Die neue Landlust

Für Journalist und Buchautor Martin Rasper sollten Gärten urbaner werden. Sein neues Buch handelt „Vom Gärtnern in der Stadt“ und den ökologischen und kulturellen Hintergründen dieses vermeintlich neuen Phänomens.

BIORAMA: Herr Rasper, was wächst denn in Ihrem eigenen Garten?

Martin Rasper: Wir haben viel Obst, viele Kräuter, jedes Jahr ein paar Tomatensorten, ein bisschen Salat und Mangold, Kürbis und Kartoffeln, aber mehr nach Lust und Laune. Die Grundversorgung den Sommer über sichert eine Erzeuger-Verbraucher-Gemeinschaft, in der ich Mitglied bin (waldgaertner.de). Den Rest kaufen wir im Bio-Supermarkt.

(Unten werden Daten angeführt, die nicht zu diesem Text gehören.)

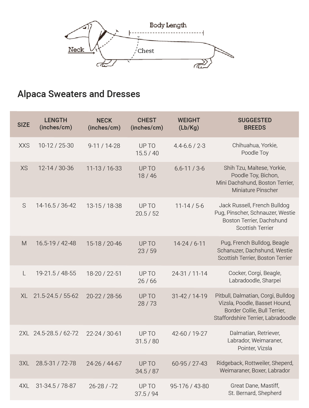 * At Alqo Wasi we’re always trying to improve our products to better suit our furry friends. In an effort for constant improvement, we have a slight reduction in the sweater’s length for 2022 Collection. Don’t worry! These are minor changes, you are still the same size.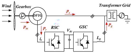 The capacity of the back-to-back power converter is relatively small compared to the DFIG, leading to its cost-effectiveness from the viewpoint of economics. The rotor in DFIG is linked to the power grid using the RSC and the GSC, while the stator side is directly connected to the grid. The function of the GSC is to keep the DC bus voltage fixed and meet the reactive power demand according to the grid codes, while the RSC can produce active power to the power grid through following maximum power point tracking (MPPT) and providing the exciting current for DFIG [].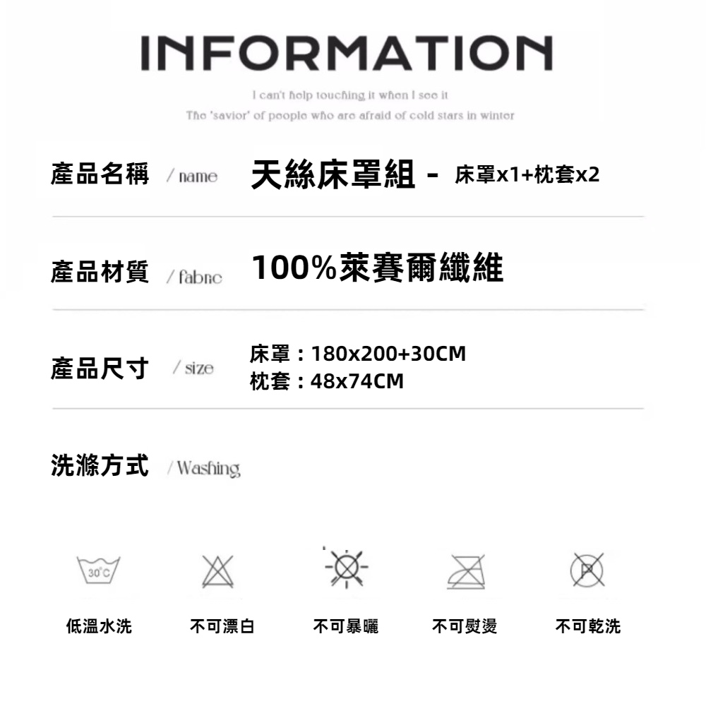 【A&R】三件組 100%天絲床罩組180x200cm 材質:100%萊賽爾纖維(天絲)60支 床罩尺寸: 180x200+30cm(加高款) 枕套尺寸:48x74cm 顏色:綠 產地:China 檢驗登記碼BSMI::M3F499 內容物:床罩x1+枕套x2 洗滌方式:低溫水洗、不可漂白、不可暴曬、不可熨燙、不可乾洗不可高溫烘,請用自然涼乾,請手洗,若機洗請務必裝洗衣袋,以免造成產品本體受損 溫馨提醒:商品因手工測量方式不同,存在1-2cm誤差,屬合理範圍。商品圖檔顏色因電腦螢幕設定差異會略有不同,以實際商品顏色為準,請見諒。 #A&R #三件組 #100%天絲 #床罩組 #180x200cm #床單 #床包 #枕套 #加高款 #萊賽爾纖維 #60支

Woraus entsteht Ihrer Meinung nach der Drang, sich die Hände dreckig zu machen, sich den Lebensmitteln wieder so direkt durch das Gärtnern anzunähern?

Das Pflanzen ist etwas Archaisches, so wie der Umgang mit Natur allgemein. Das ist einfach in uns drin. In der heutigen Situation empfinden viele Menschen es als Verlust, von dieser Erfahrung abgeschnitten zu sein, und wollen wieder mehr daran teilhaben.

Grüne Stadtentwicklung »von unten« ist immer noch eine Sache kleiner Netzwerke. Wie kann sich die Gartenbewegung gegen die Interessen von Wirtschaft und Politik durchsetzen?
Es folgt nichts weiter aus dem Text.